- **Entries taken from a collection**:

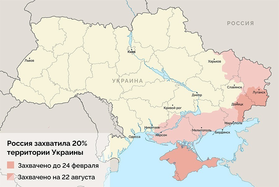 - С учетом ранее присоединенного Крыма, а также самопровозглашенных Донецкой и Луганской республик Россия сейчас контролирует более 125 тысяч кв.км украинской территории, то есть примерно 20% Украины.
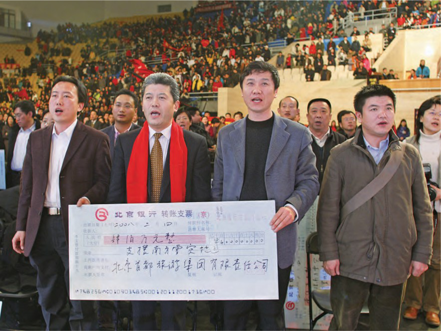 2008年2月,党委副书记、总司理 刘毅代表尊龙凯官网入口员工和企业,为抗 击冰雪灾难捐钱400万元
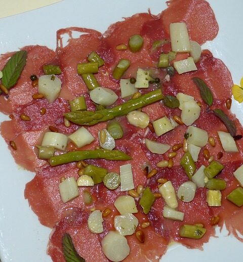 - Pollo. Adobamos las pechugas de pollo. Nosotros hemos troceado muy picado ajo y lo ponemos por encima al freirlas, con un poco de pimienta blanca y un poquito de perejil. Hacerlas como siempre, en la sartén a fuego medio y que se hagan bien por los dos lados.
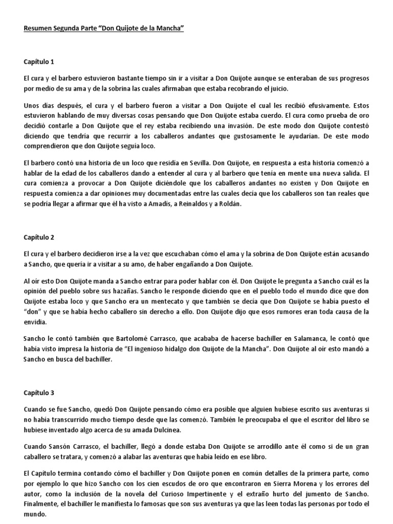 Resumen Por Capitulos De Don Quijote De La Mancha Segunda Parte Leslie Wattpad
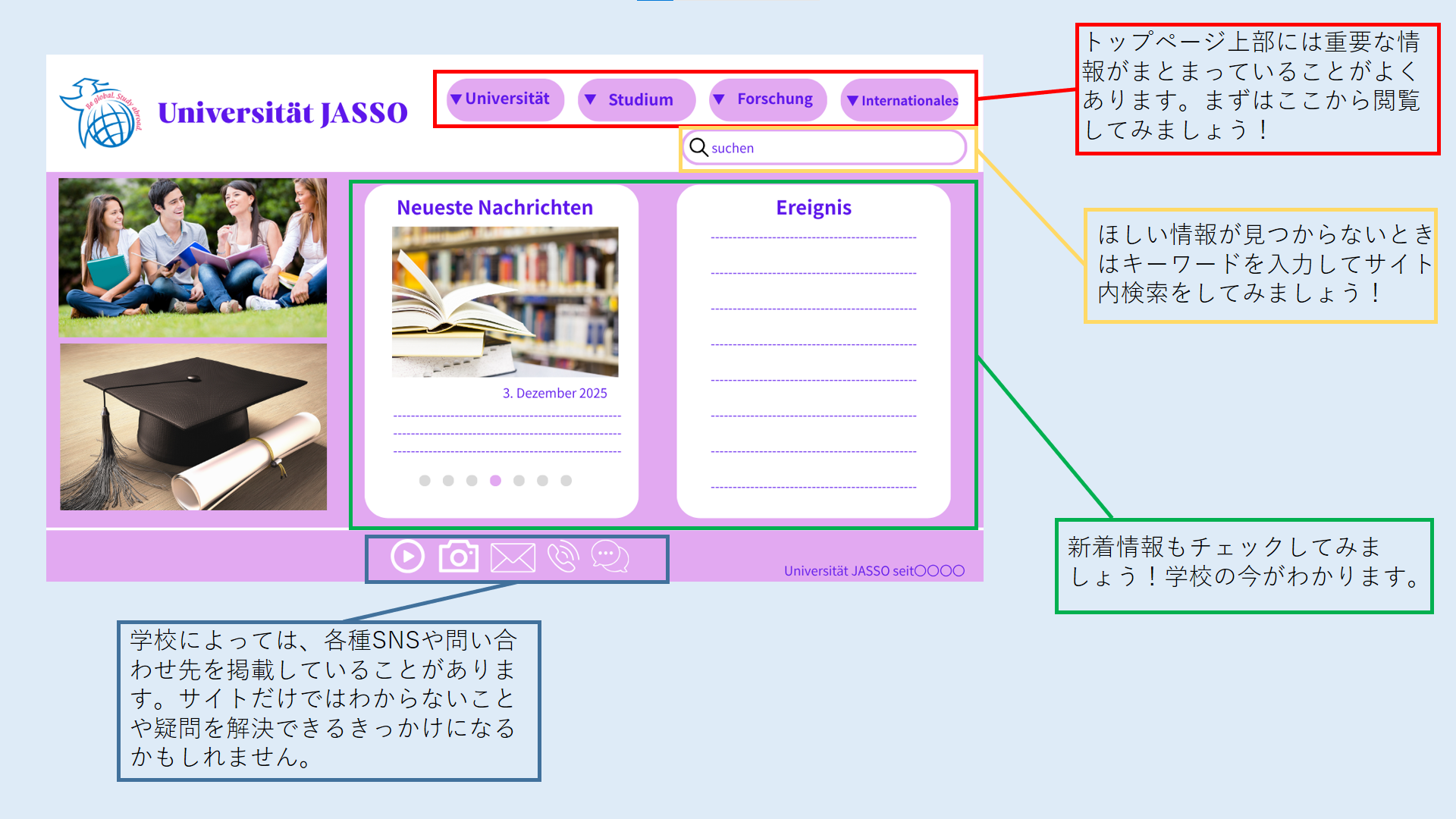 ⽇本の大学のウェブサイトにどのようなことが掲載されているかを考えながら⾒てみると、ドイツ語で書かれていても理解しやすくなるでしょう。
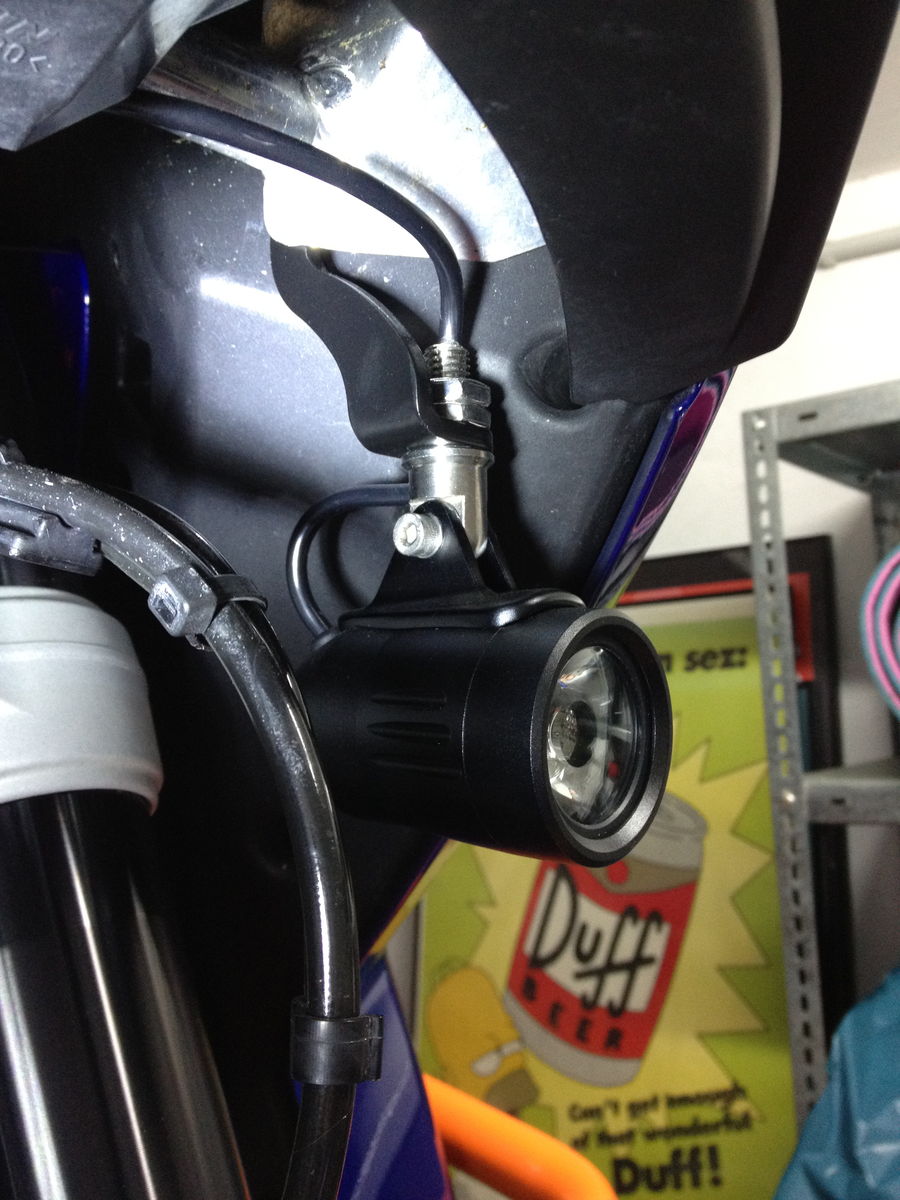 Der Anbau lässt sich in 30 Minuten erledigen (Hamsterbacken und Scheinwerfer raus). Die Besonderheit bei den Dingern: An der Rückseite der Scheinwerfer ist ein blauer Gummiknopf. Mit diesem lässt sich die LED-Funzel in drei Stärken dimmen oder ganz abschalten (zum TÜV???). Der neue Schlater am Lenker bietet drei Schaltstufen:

- **What is expected**:
Pictures do not go in the copy; print every entry exactly as it stands.

- **Answer below**:
 - С учетом ранее присоединенного Крыма, а также самопровозглашенных Донецкой и Луганской республик Россия сейчас контролирует более 125 тысяч кв.км украинской территории, то есть примерно 20% Украины.
 2008年2月,党委副书记、总司理 刘毅代表尊龙凯官网入口员工和企业,为抗 击冰雪灾难捐钱400万元
 - Pollo. Adobamos las pechugas de pollo. Nosotros hemos troceado muy picado ajo y lo ponemos por encima al freirlas, con un poco de pimienta blanca y un poquito de perejil. Hacerlas como siempre, en la sartén a fuego medio y que se hagan bien por los dos lados.
 Resumen Por Capitulos De Don Quijote De La Mancha Segunda Parte Leslie Wattpad
 ⽇本の大学のウェブサイトにどのようなことが掲載されているかを考えながら⾒てみると、ドイツ語で書かれていても理解しやすくなるでしょう。
 Der Anbau lässt sich in 30 Minuten erledigen (Hamsterbacken und Scheinwerfer raus). Die Besonderheit bei den Dingern: An der Rückseite der Scheinwerfer ist ein blauer Gummiknopf. Mit diesem lässt sich die LED-Funzel in drei Stärken dimmen oder ganz abschalten (zum TÜV???). Der neue Schlater am Lenker bietet drei Schaltstufen:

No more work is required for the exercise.